3. Cook in bulk and freeze for later
Having freezer meals, such as soups, stews and casseroles on hand can help on days when you are busy with appointments or other responsibilities.
4. Get enough rest and exercise
Get a good night’s sleep. If your sleep is interrupted during the night, try to find time to take a brief nap during the day. Even a brisk walk or jog, stretching or yoga can help to relieve stress and clear your mind. Taking a break can help you be a better caregiver.
MY CAREGIVING CHECKLIST
¨ Enlist the help of family and friends with meal preparation, meal delivery and grocery shopping.
¨ Make mealtime more relaxing and positive. Allow your loved one to eat when they feel best, providing encouragement and support when needed.
¨ Encourage good nutrition with small frequent meals, nutrient-dense snacks, nutritional shakes and smoothies. Talk to a registered dietitian about your loved one’s nutritional needs.

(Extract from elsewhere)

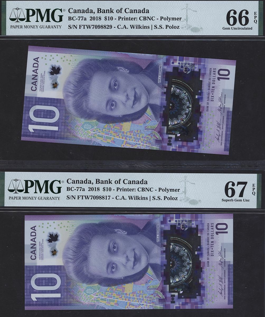 (x) Bank of Canada, a pair of $10, 2018, serial numbers FTW7098817, FTW1098829, (Pick unlisted, BC-77a), in PMG holders 67 EPQ Superb Gem Uncirculated, 66 EPQ Gem Uncirculated

¨ Take good care of yourself by getting enough sleep and exercise so you have enough energy to care for your loved one.
¨ As a caregiver, aim to eat regular, well-balanced meals and limit unhealthy fast foods. Plan ahead to have healthy foods on-the-go and stocked in the freezer.
This article has general information and is not meant to replace nutritional or health guidance that is specific to any individual. Speak to your healthcare provider before making any changes to your diet or lifestyle. Consult with a registered dietitian if you are on a restricted or modified diet.